Figure: Learning curves (top row) and generalization results (bottom row) obtained by a 26 2x96d ResNet trained with Adam and AdamW on CIFAR-10. See text for details. SuppFigure 5 (supplemental material) shows the same qualitative results for ImageNet32x32.

Visualization of Algorithms

As shown in below images, the adaptive learning-rate methods, i.e. Adagrad, Adadelta, RMSprop, and Adam are most suitable and provide the best convergence for these scenarios.

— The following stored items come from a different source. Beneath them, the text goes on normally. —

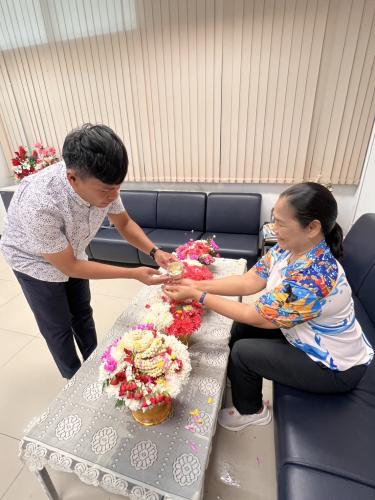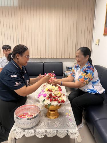 ภายในงานได้จัดให้มีพิธีรดน้ำขอพรจากหัวหน้าหน่วยงาน เพื่อความเป็นสิริมงคลแก่ชีวิตและการทำงาน อีกทั้งยังเป็นการแสดงความเคารพ กตัญญูกตเวที และสร้างขวัญกำลังใจให้แก่บุคลากรในการปฏิบัติงานต่อไปและสร้างความสามัคคีภายในหน่วยงาน โดยเจ้าหน้าที่ทุกคนได้ร่วมกันสรงน้ำพระด้วยความเคารพศรัทธา บรรยากาศเป็นไปด้วยความอบอุ่น เรียบง่าย และเปี่ยมด้วยรอยยิ้ม
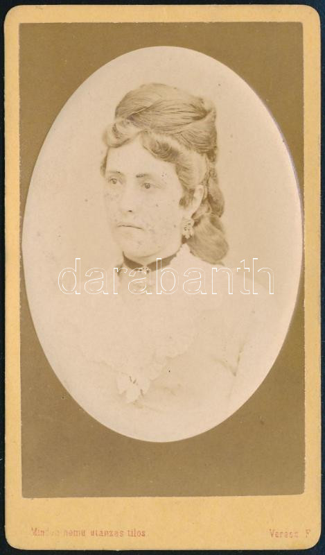Leírás: cca 1860 Holloky Gizella - Bocsánczy Rudolfné - vizitkártya méretű, feliratozott, porcelánkép utánzatú fotója, Veress Ferenc kolozsvári műterméből, 10,5 x6 cm
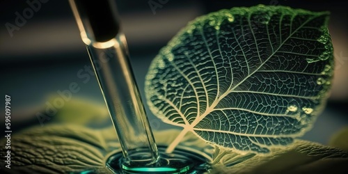 The watermark will not be included on Wall mural.: A magnified view of a leaf under a microscope - the idea of biotechnology generative ai
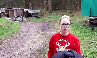 Bombshell redhead Penelope Sanps comes to a wild pervy outdoor porn audition and gets her pussy and mouth explored with director's pipe
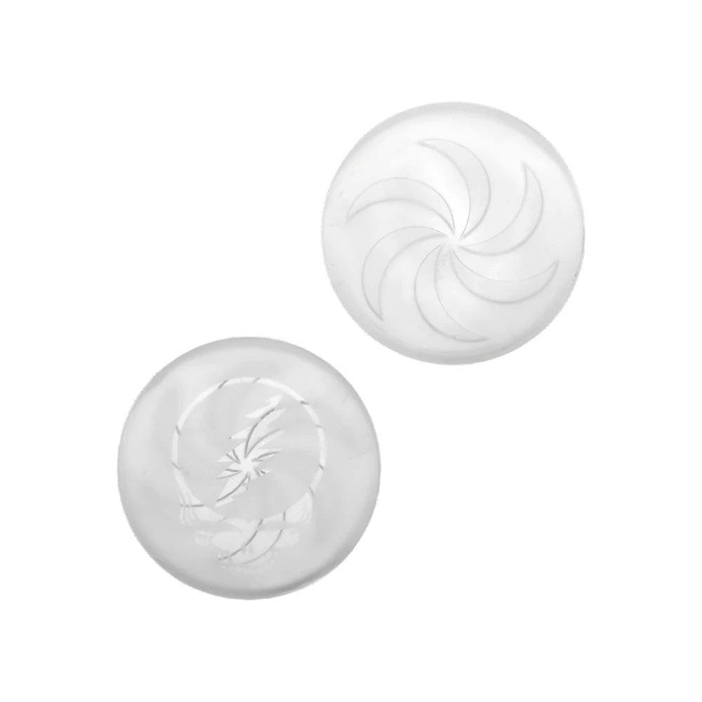This rig set has nothing but the best in store for all the Deadhead dabbers out there; includes a custom fully-welded seamless banger etched with the band's logo on the front. This type of joint is more durable than a standard weld and stands the test of time just like the music. A sandblasted spinner disc carb cap rests on top creating a vortex airflow to whirl the two terp pearls around the banger's bucket, ensuring even melting and vaporization. The glass dab tool is decorated with a Stealie marble and the luxury gift box brings this setup all together.

  • In the below image, we see their behaviour on the contours of a loss surface over time.
    • Note that Adagrad, Adadelta, and RMSprop almost immediately head off in the right direction and converge similarly fast, while Momentum and NAG are led off-track,
    • NAG, however, is quickly able to correct its course due to its increased responsiveness by looking ahead and heads to the minimum. SGD optimization on loss surface contours
  • In the below image, it shows the behaviour of the algorithms at a saddle point.
    • Notice here that SGD, Momentum, and NAG find it difficulty to break symmetry.
    • Although the two latter eventually manage to escape the saddle point, while Adagrad, RMSprop, and Adadelta quickly head down the negative slope.

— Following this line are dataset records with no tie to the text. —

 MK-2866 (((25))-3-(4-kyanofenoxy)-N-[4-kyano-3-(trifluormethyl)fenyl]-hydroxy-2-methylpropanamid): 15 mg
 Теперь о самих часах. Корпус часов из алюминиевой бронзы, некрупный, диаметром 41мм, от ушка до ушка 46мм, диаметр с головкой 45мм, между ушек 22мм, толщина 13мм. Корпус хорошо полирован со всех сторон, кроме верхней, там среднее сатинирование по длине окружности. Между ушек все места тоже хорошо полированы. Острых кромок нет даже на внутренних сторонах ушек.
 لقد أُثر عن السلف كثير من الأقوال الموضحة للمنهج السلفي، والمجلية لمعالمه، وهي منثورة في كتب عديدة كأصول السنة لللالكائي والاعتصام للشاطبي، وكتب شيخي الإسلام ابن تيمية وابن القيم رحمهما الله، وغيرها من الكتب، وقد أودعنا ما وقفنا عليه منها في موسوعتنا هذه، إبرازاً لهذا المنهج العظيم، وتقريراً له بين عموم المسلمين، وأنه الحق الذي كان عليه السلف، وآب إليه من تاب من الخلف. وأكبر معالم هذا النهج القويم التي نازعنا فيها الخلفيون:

SGD optimization on saddle point

Which Optimizer to Use?

  • If the input data is sparse, then using one of the adaptive learning rate methods will give the best results.
    • One benefit of using them is that you would not need to tune the learning rate.
  • If you want fast convergence and train a deep or complex network, choose one of the adaptive learning rate methods.
    • Adam works well in practice and outperforms other adaptive techniques.
  • Some people say Adam does not generalize as well as SGD with Momentum.
    • Usually, it is because of choosing poor hyperparameters.
    • Adam generally requires more regularization than SGD, so make sure to adjust regularization hyper-parameters.